──────── Exercise input ────────

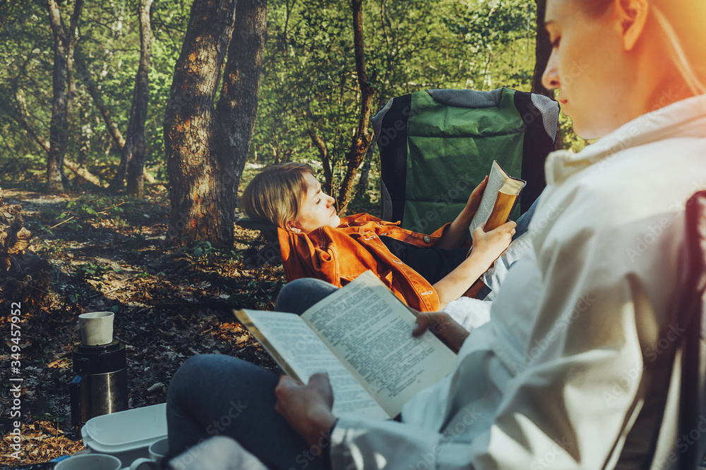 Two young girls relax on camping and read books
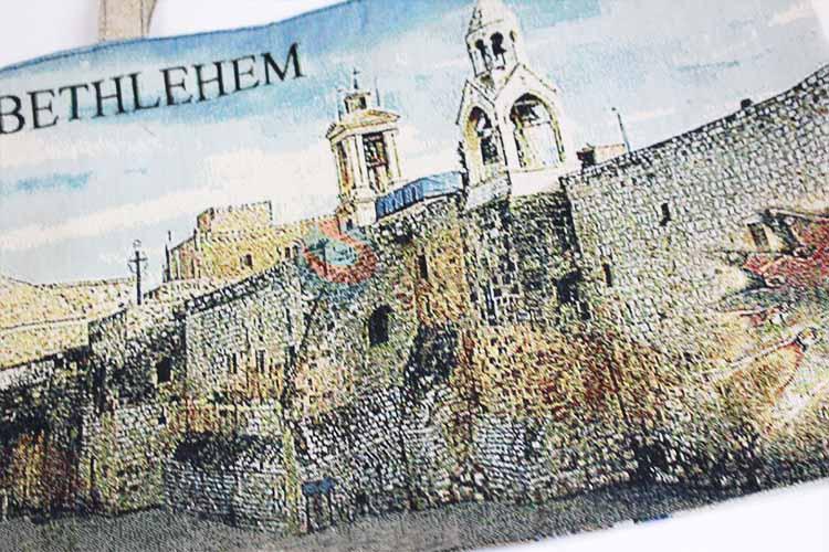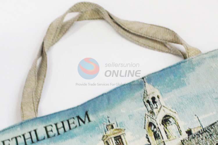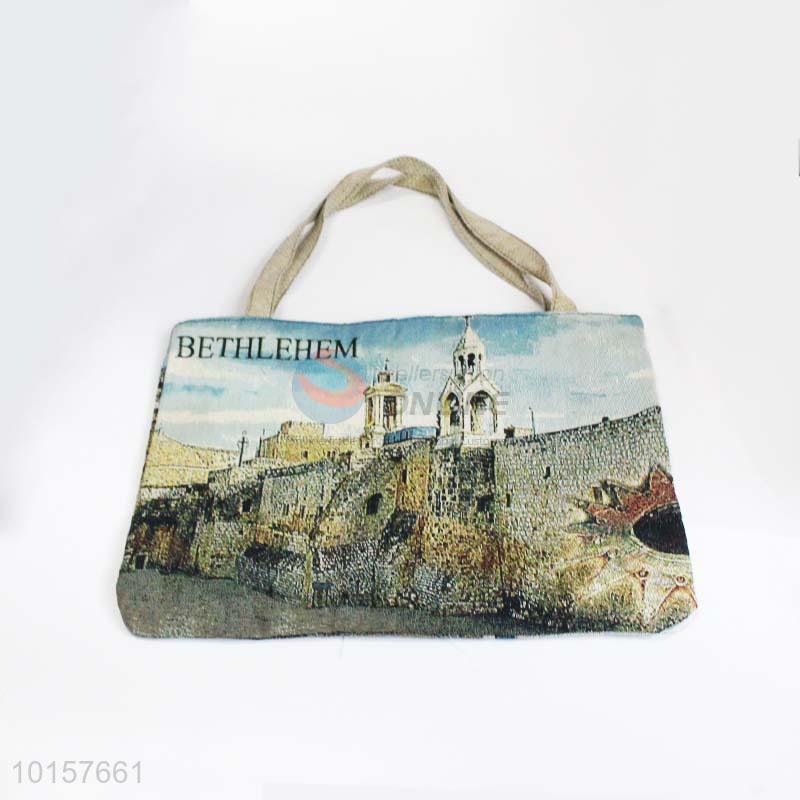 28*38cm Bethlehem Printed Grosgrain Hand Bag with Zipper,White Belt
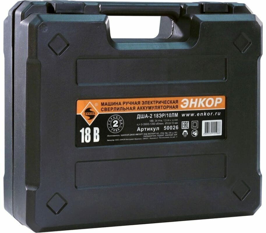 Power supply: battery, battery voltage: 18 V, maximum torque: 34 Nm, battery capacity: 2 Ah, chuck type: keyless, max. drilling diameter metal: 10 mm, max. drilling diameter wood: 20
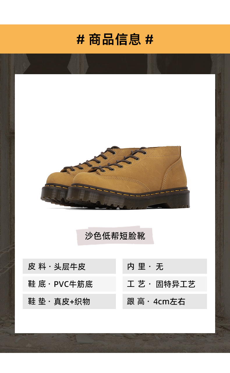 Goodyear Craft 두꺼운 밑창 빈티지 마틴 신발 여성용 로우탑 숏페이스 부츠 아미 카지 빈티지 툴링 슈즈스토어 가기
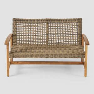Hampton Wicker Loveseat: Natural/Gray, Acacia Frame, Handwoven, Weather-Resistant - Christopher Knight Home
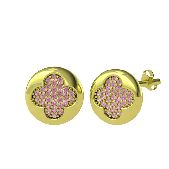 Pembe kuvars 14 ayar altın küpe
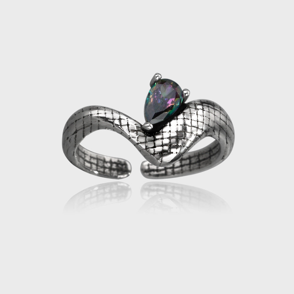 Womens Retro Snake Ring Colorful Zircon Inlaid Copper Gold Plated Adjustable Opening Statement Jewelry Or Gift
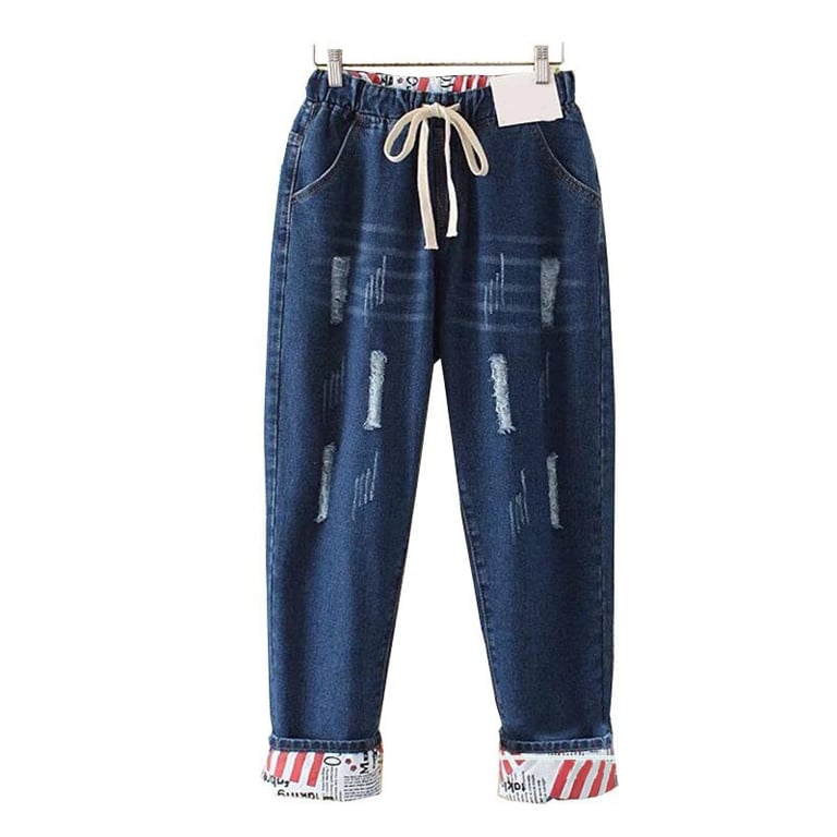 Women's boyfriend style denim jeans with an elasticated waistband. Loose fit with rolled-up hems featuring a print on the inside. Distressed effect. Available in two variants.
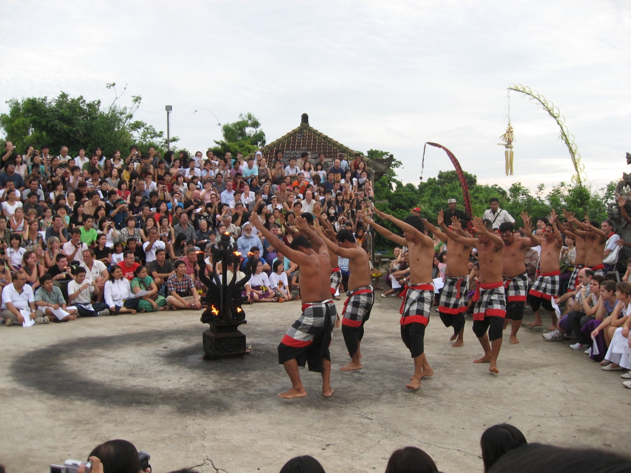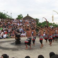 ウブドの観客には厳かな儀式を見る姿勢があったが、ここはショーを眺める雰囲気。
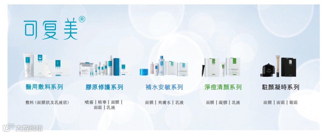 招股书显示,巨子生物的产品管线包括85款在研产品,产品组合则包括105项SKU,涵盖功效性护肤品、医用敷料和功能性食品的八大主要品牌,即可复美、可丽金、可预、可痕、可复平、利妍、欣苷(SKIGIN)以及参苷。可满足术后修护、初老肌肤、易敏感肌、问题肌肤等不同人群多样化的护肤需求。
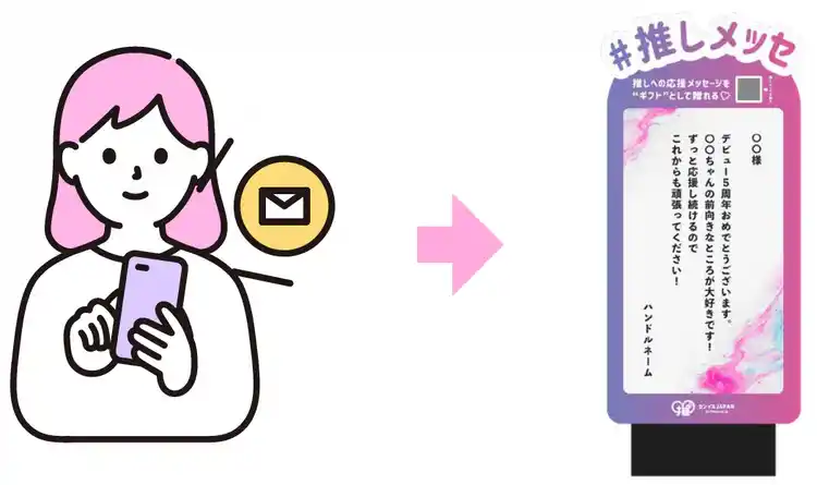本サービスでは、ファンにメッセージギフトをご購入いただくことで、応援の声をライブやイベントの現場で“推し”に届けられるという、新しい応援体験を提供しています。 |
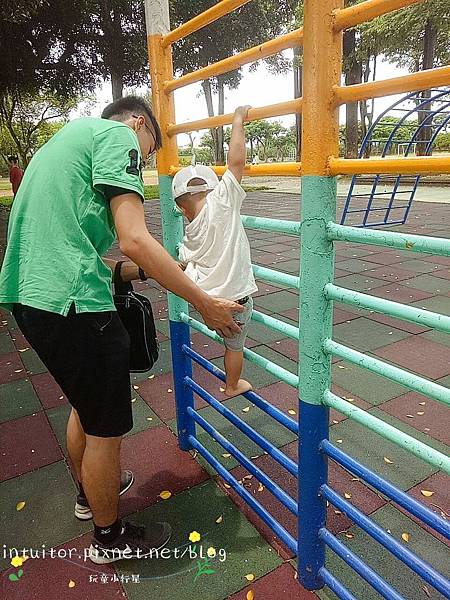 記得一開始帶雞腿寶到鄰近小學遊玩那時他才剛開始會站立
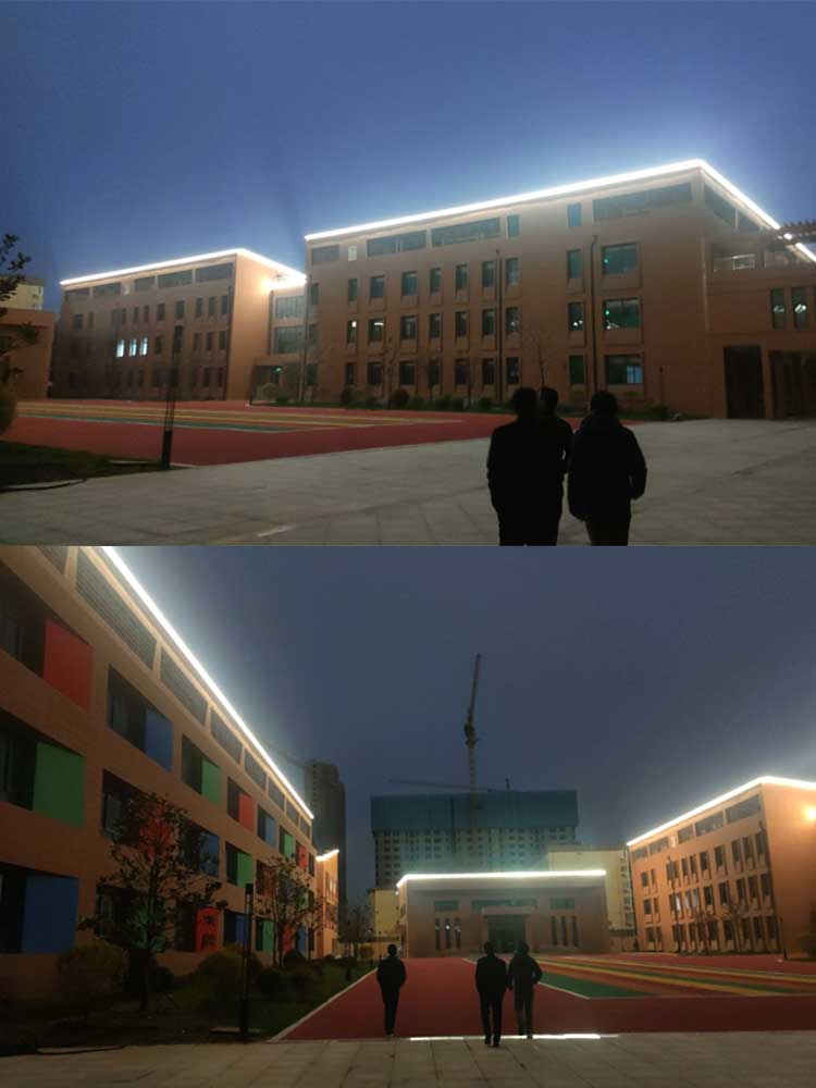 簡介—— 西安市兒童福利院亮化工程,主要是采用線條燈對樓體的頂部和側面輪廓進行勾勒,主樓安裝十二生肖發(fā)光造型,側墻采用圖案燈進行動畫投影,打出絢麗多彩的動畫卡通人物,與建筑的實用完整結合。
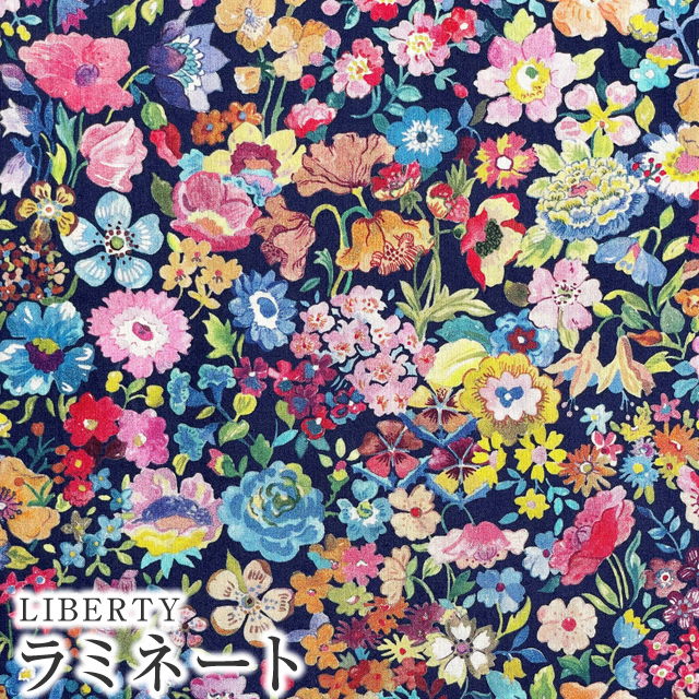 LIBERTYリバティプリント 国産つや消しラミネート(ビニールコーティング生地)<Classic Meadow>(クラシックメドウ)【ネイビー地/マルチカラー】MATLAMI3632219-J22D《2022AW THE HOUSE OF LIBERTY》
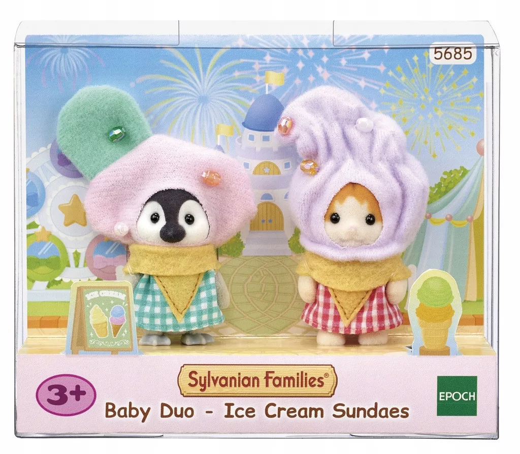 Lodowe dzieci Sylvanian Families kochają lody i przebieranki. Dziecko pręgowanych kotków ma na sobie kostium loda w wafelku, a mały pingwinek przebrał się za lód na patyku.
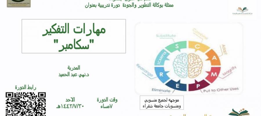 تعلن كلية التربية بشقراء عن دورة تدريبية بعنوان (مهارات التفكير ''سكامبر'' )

────────

What to produce: Starting at the line above that holds "簡介—— 西安市兒童福利院亮", repeat every line exactly down to and including the line that holds "HOUSE OF LIBERTY》", then stop. Do not carry over any pictures.

Output of the exercise:
 簡介—— 西安市兒童福利院亮化工程,主要是采用線條燈對樓體的頂部和側面輪廓進行勾勒,主樓安裝十二生肖發(fā)光造型,側墻采用圖案燈進行動畫投影,打出絢麗多彩的動畫卡通人物,與建筑的實用完整結合。
 LIBERTYリバティプリント 国産つや消しラミネート(ビニールコーティング生地)<Classic Meadow>(クラシックメドウ)【ネイビー地/マルチカラー】MATLAMI3632219-J22D《2022AW THE HOUSE OF LIBERTY》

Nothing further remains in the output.